EL HOMBRE DEL INVIERNO
Ayer,
al salir de casa por la mañana, me encontré con que por fin el día tenía cara
de invierno. No era sólo el cielo plomizo que se cernía sobre la ciudad, ni las
gotas de aguanieve que se estrellaron contra el parabrisas de mi coche; eran un
olor, una atmósfera especial, una quietud extraña, como si la naturaleza toda
estuviera sobrecogida, expectante, frente al inevitable y algo demorado cambio
de estación. Entonces me acordé de un sueño que tuve hace ya muchos años y que daba
corporeidad a ese momento en que el buen tiempo queda definitivamente atrás.
Estoy
en una fiesta en un chalet, rodeada de gente a la que no conozco. Tampoco el
espacio físico en el que me encuentro me es familiar; sin embargo, no hay ni rastro de incomodidad en mí y me
desenvuelvo sin problemas. En esto, la alegría de la reunión se ve interrumpida
por un bullicio de carácter distinto. «El hombre del invierno, el hombre del
invierno», oigo
que exclaman los presentes mientras se lanzan en dirección a las ventanas,
ansiosos por contemplar algo que está sucediendo en el exterior. Mi curiosidad
me lleva a ir más allá: salgo de la casa, atravieso el jardín y me asomo por la
puerta de la verja que lo rodea.

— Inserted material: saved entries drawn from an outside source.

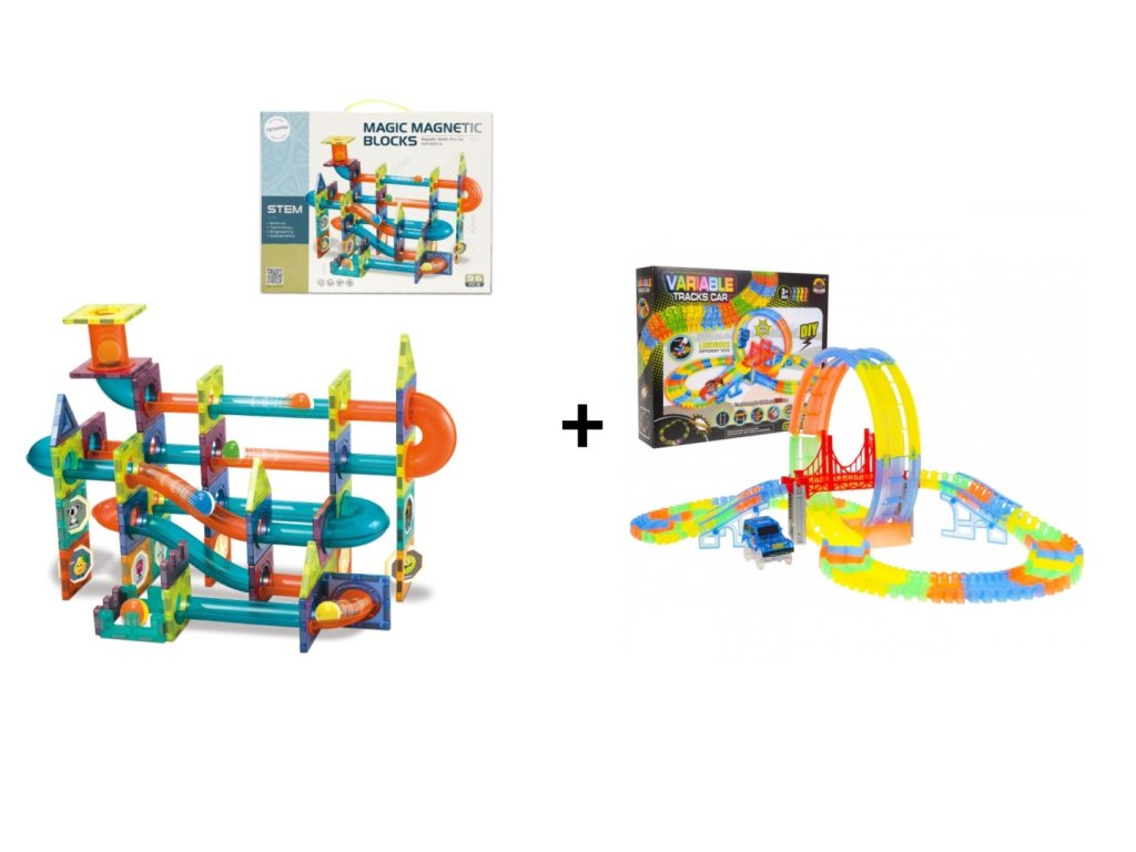 Vorteilhaftes Set Magnetbaukasten Murmelbahn 96 Teile + Leuchtende Autorennbahn variabel 157 Teile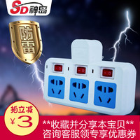 防雷插座转换器 无线插排一转二多家用多功能扩展插头排插板带USB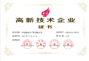 高新技术企业证书 发布时间: 2017-07-12 14:44:57 发布网站: 中国电力建设招标网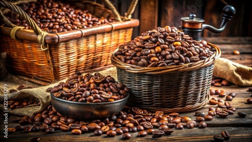 Long Exposure of Raw and Roasted Three Color Coffee Beans in a Rustic Basket, Capturing the Essence of Coffee Culture and Artisan Craftsmanship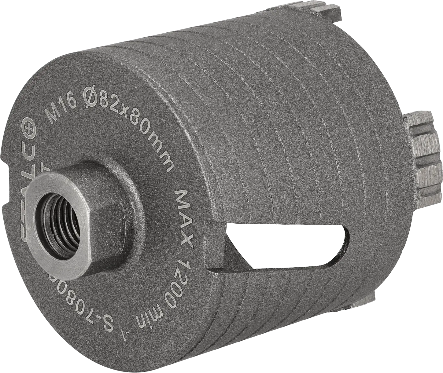 A professional diamond hole saw for concrete should be a must-have for every construction crew. It is used for drilling holes in concrete surfaces during finishing and renovation work. The product's dimensions are adapted to create holes for electrical, distribution, and vacuum installations. The STALCO PERFECT diamond hole saw for concrete can be mounted to power tools using adapters. It is designed for impact-free, dry operation. A turbo diamond segment is responsible for cutting the material, enabling fast and precise concrete cutting. The outer surface is spirally shaped, making it easier to transport the material. The STALCO PERFECT range includes two hole saw variants with diameters of 68 and 82 millimeters.

Aunque de momento no hay nada anómalo en el
entorno, presiento que algo extraordinario va a ocurrir y mi mirada se dirige a
la esquina más cercana. Allí un inesperado remolino agita las hojas secas
amontonadas en el suelo. Es la señal de la inminente aparición de quien todo el
mundo está esperando.
Entonces
lo veo. Dobla la esquina caminando pesadamente, con los ojos clavados en sus
propios pies. Es un hombre mayor, de gran envergadura, que va vestido con un
abrigo gris raído y lleva una barba larga. A su paso se levanta un viento
helado que agita los restos vegetales del otoño. «El hombre del invierno», repite en susurros otro de los curiosos que, como
yo, ha salido al jardín para recibir al recién llegado. Yo no soy capaz de
decir nada. Me sobrecoge la profunda tristeza de aquel gigante que desfila en
total aislamiento, ajeno a la expectación que despierta, como si sobre sus
hombros cansados soportase toda la pesadumbre del mundo.
Recuerdo
que al despertar me sorprendió la tristeza que se desprendía de aquella imagen
de una estación que siempre me había resultado grata. Pero yo era muy joven por
aquel entonces. Indudablemente, los inviernos de la juventud se pueden permitir
el lujo de la alegría. La comprensión de la profunda tristeza que aplastaba a
aquel hombre de mi sueño es un dudoso don que nos otorgan los años.